I’d like to point out that her statement doesn’t even have a truthful foundation. She does care which trail we take; whichever one I choose needs to take us to Adelyn or Mom might break.
One of these path leads back to Resdon: either the left or right. Granted, I’m not sure where the other trail leads. It could potentially lead back to Resdon as well. It could even be a shortcut, leading us right to the dreaded Council house. My eyes drift back and forth between the two dark breaks in the forest. One or the other. Right or left. The rain comes down around us and by this point, I’m soaked to the brim. I need to make a decision.

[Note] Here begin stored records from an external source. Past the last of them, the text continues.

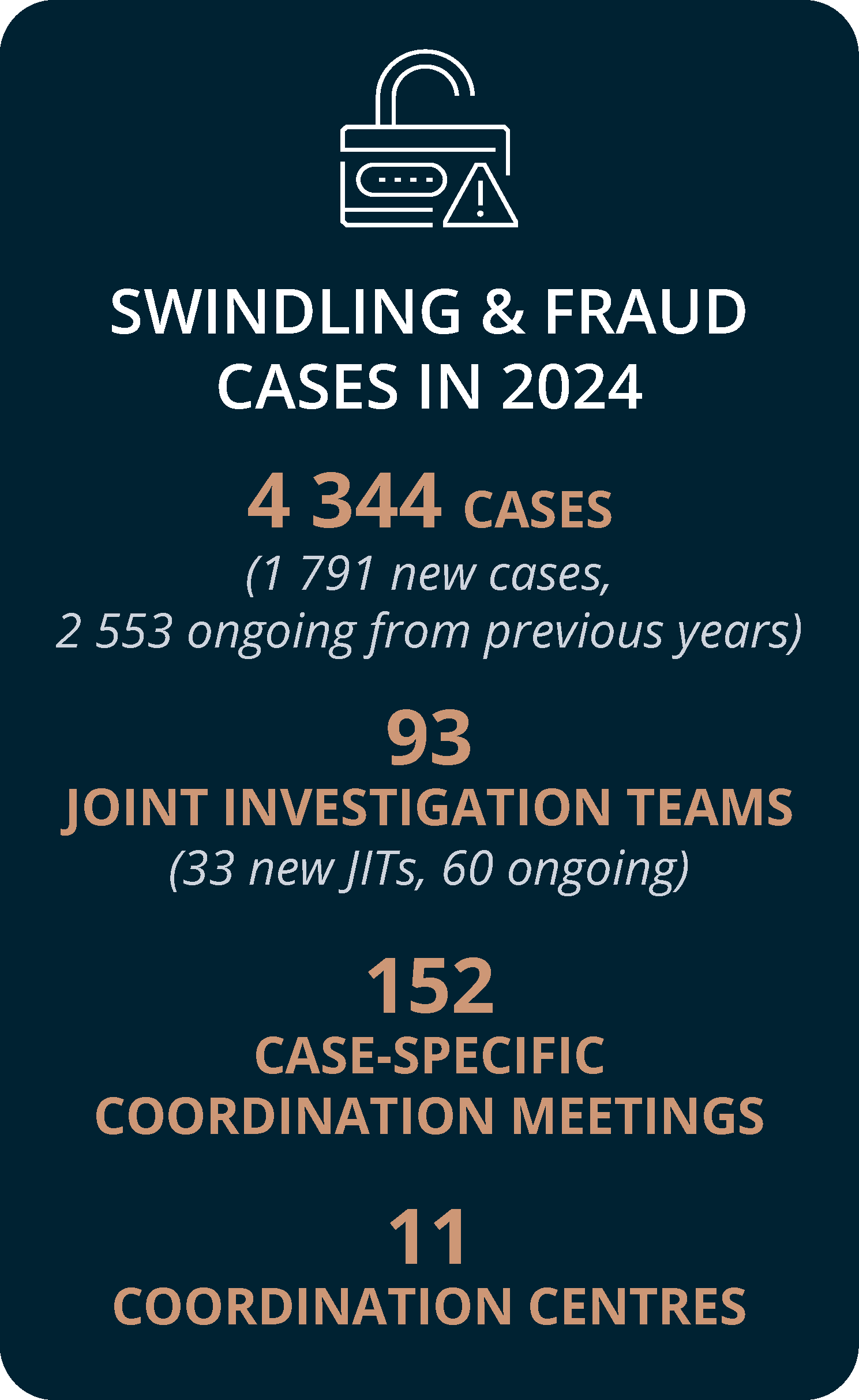 Swindling and fraud come in many shapes and forms, such as investment fraud, insurance fraud, benefit fraud, tax and excise fraud or consumer fraud. Since these crimes usually combine high profits and low risks, they are popular with organised crime groups (OCGs). The perpetrators often operate across borders, benefitting from differences in national legislations and adding complexity to the investigations required to uncover these criminal acts. Moreover, recent years have seen a rapid growth in fraud committed on the internet, with criminals taking advantage of huge numbers of unsuspecting users.
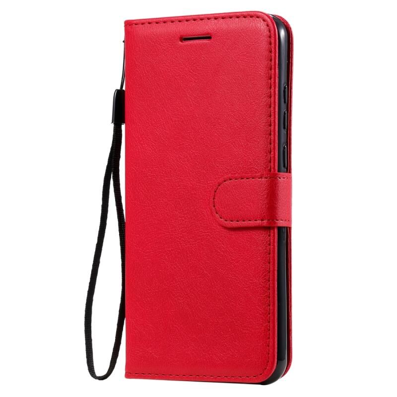 Θήκη δέρματος προστασίας οριζόντιας αναδίπλωσης για Huawei Honor 9A, μονόχρωμη, με βάση στήριξης, θήκες καρτών, πορτοφόλι και λουρί (Κόκκινο)
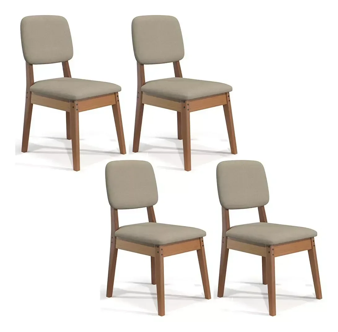 Kit 4 Cadeiras Classicas em Madeira Maciça e Estofado Linho:areia
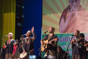 Musicians performing traditional songs at the conclusion an interfaith event in Shillong, Meghalaya, India on February 5, 2014. Photo/Tenzin Choejor/OHHDL
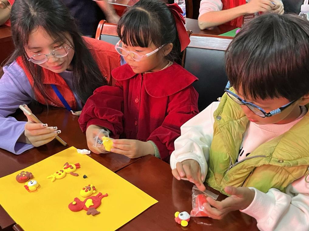 活动伊始,社区小朋友们在志愿者的引导下分成多个小组开展活动。首个活动内容是画画接龙,小朋友们齐心协力,每个人轮流进行绘画,将自己的独特创意融入至集体画作中,共同完成一幅绘画作品,并由志愿者为大家展示最终作品。随后,在志愿者的协助下,小朋友们利用黏土和彩铅在各自的卡纸上创造出各式各样独特的创意作品,从中展现了他们丰富的想象力和创造力。在活动的最后环节,社区小朋友们积极上台向大家展示并分享作品。
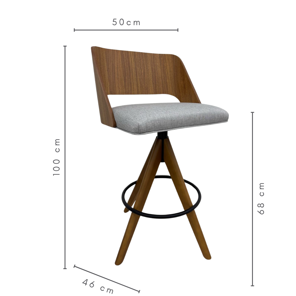 Banqueta Tapizada Giratoria Márcia – Freijó – Tela 362 Piccolo Gris – 65 cm
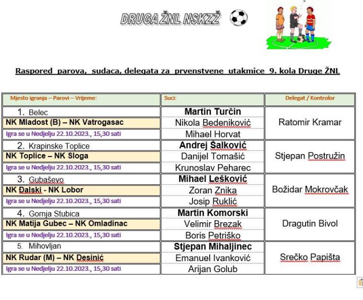 Vrlo zanimljivo bit će u Pregradi, gdje gostuje Stubica, a zanimljive su uvijek i utakmice između Mladosti MB i Oroslavja. Zadnji Radoboj dočekuje Oštrc. Utakmice se s početkom u 15.30 sati.
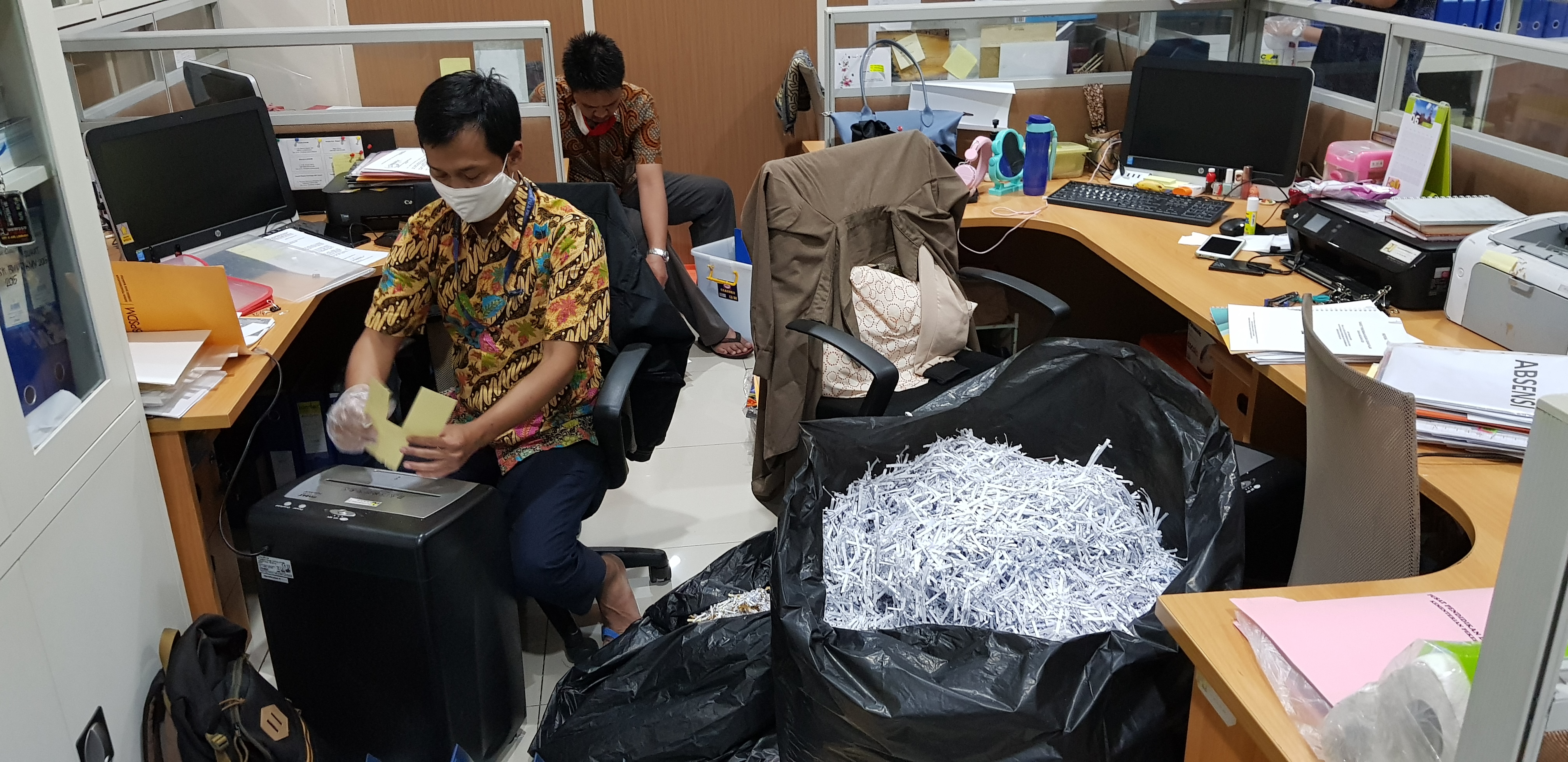 Kerja bakti kali ini difokuskan pada pembersihan sampah dan pemusnahan file yang sudah tidak terpakai serta melakukan penataan dan penyekatan ruang kerja. Hal tersebut sesuai dengan arahan Menteri PUPR atas usulan Dirjen Cipta Karya mengenai implementasi new normal di lingkungan Kementerian PUPR.
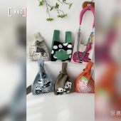 包包女韩版小众设计可爱熊猫针织单肩包手提包手拎包大容量托特包

“Emerson—” Mom says impatiently.
“Left.” I walk on to the trail on the left before I can change my mind. Behind me, I hear Mom trudge along with heavy footsteps. Now that I’m in the front, tree branches are whipping out at me. I can’t see them until they’re right in front of me, so I’ll be leaving this forest with more than a few scratches across my face. The skin stings where it’s been cut, but I keep up the steady pace.
“STOP!” Mom comes from behind and jumps in front of me right before I take a step off even ground into a gaping hole. It has to be five feet in diameter, an endless sea of black where there should be dirt and tree roots.
“What the heck?” My voice shakes. My heart beats frantically in my chest, desperate to escape. I put a hand over my beating heart and onto the cold, wet fabric of my t-shirt. It’s rough on my hands but a tether to the world I nearly just left. “Why is there a huge hole in the ground?”
“I don’t think we took the right path.” Mom says. I bite back a sarcastic comment of my own—something along the lines of “you think?”
“So we’ll turn around?” I suggest, though I’m hoping she’ll allow us to have a short break while I catch my breath. Near death experiences tend to make my heart more or less unreliable.
Ahead of me, Mom nods. I’m huddled close to her back, but she offers no warmth from the cold water pelting our bodies. The trees were our only source of protection from the downpour, but it seems leaves are little good against the tears of the sky.
Mom turns around and we’re face to face. When Mom left, I was barely tall enough to reach her shoulder. Now we’re eye level and close enough for me to see the moment when her squinted eyes go wide and her jaw drops in surprise.
Then I’m shoved from behind and we both go toppling over into the endless hole in the earth.